At 2:30 E.D.T., a trader appeared to execute a "put spread" on the IWM ETF, which tracks the Russell 2000 small-cap benchmark. Specifically, this trader bought 38,447 120-strike put options contracts and sold an equal number of 114-strike puts, for a total cost of $1.55 per share. Since each options contract refers to 100 shares of stock, the trade cost nearly $6 million in options premium.
Maximum profit here comes if the IWM, which was at $120.84 at the time of the trade, closes below $114 on November 18. If small caps indeed slide more than 5 percent in as many weeks, this options spread will be worth $6 per share, for a $17.1 million profit.
This options trade, one of the largest of the day, appears to represent a bearish outlook on the market. However, it is worth remembering that options on broad indexes are more frequently used to hedge than to speculate, so this could also represent downside protection against a diversified portfolio.
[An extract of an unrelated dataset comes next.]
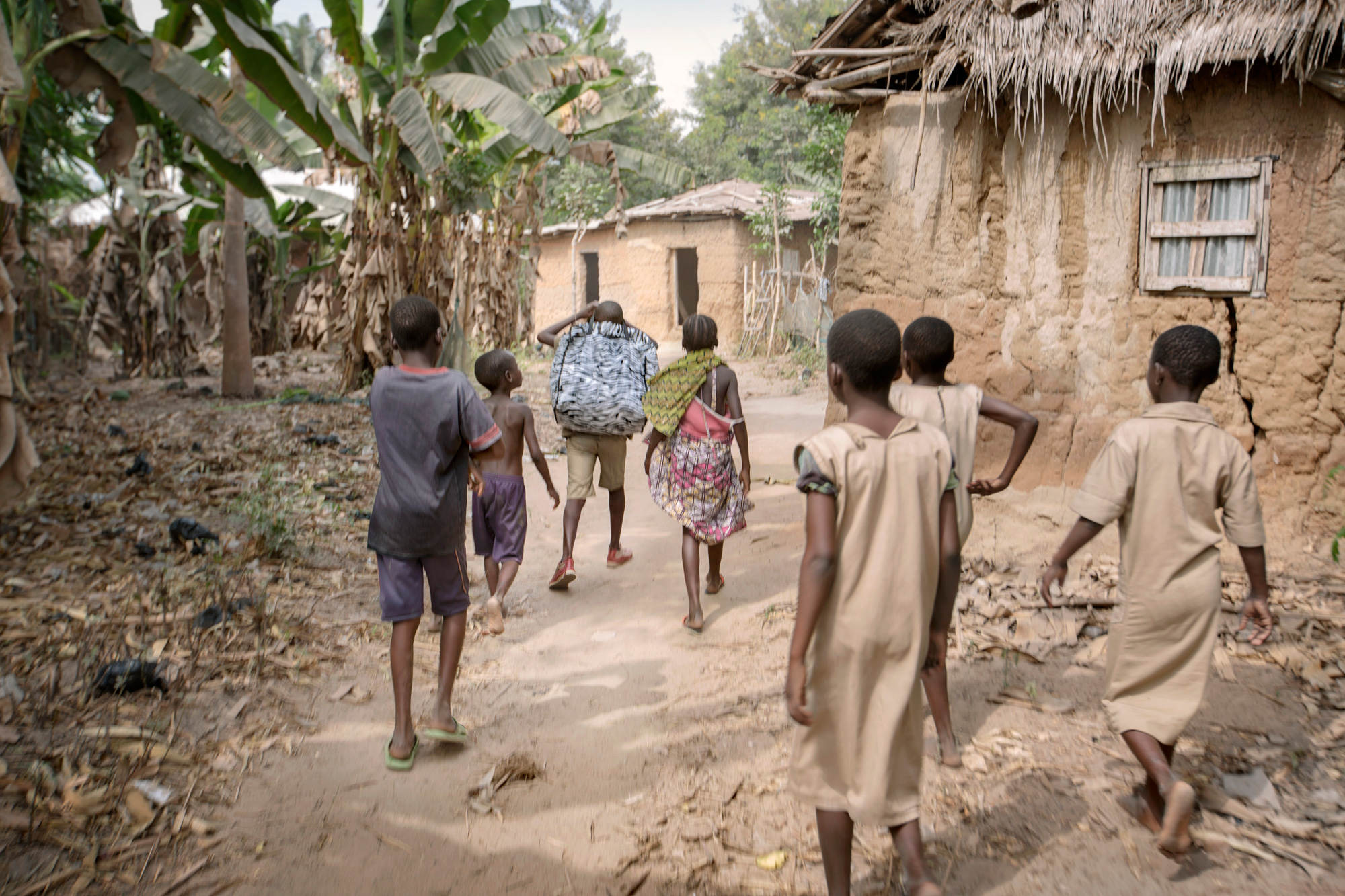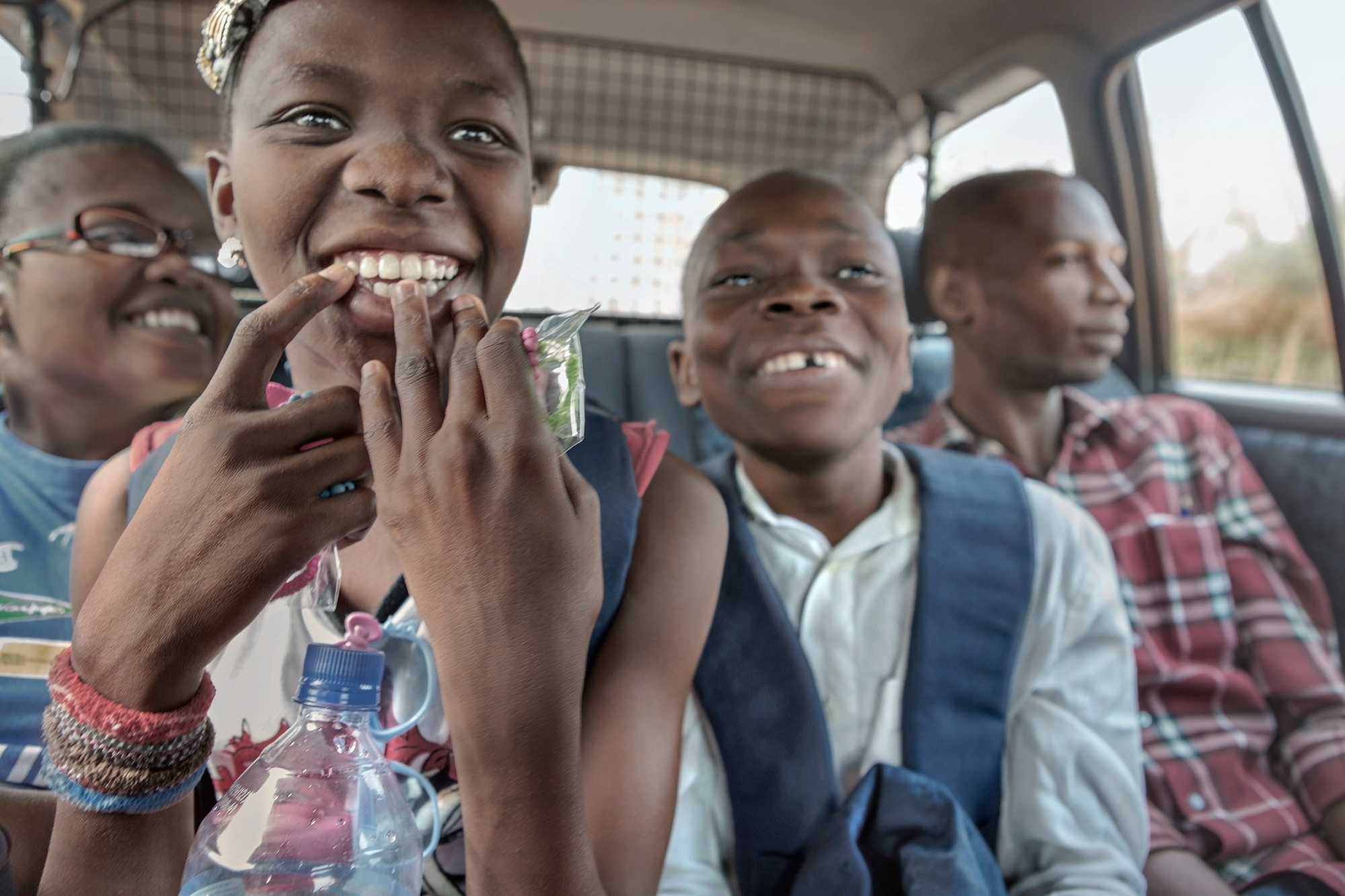 Esta foto está hecha en el trayecto del retorno a casa después de un tiempo en un centro de acogida. Es el momento exacto en que Lavande y Marron ven por primera vez la entrada de su pueblo, Sedje Denou (Benín), desde el coche. Ese primer segundo en el que ven de nuevo sus casas es sobrecogedor. Empiezan a reconocer la aldea, a ver cómo los niños salen corriendo hacia ellos. La última vez que salieron de aquí no sabían que acabarían siendo vendidos como esclavos en Nigeria.

Indeed, this trade could perhaps be designed to protect a portfolio against a big market reaction to the presidential election.
Some traders believe that the election could bring some big moves between now and year's end.
"I think we could have more volatility over the next three months plus, particularly with the election and its fallout," Zachary Karabell, head of global strategy at Envestnet, said Thursday on CNBC's "Trading Nation."
If he proves to be right, buying short-term options could prove to be a great move in hindsight.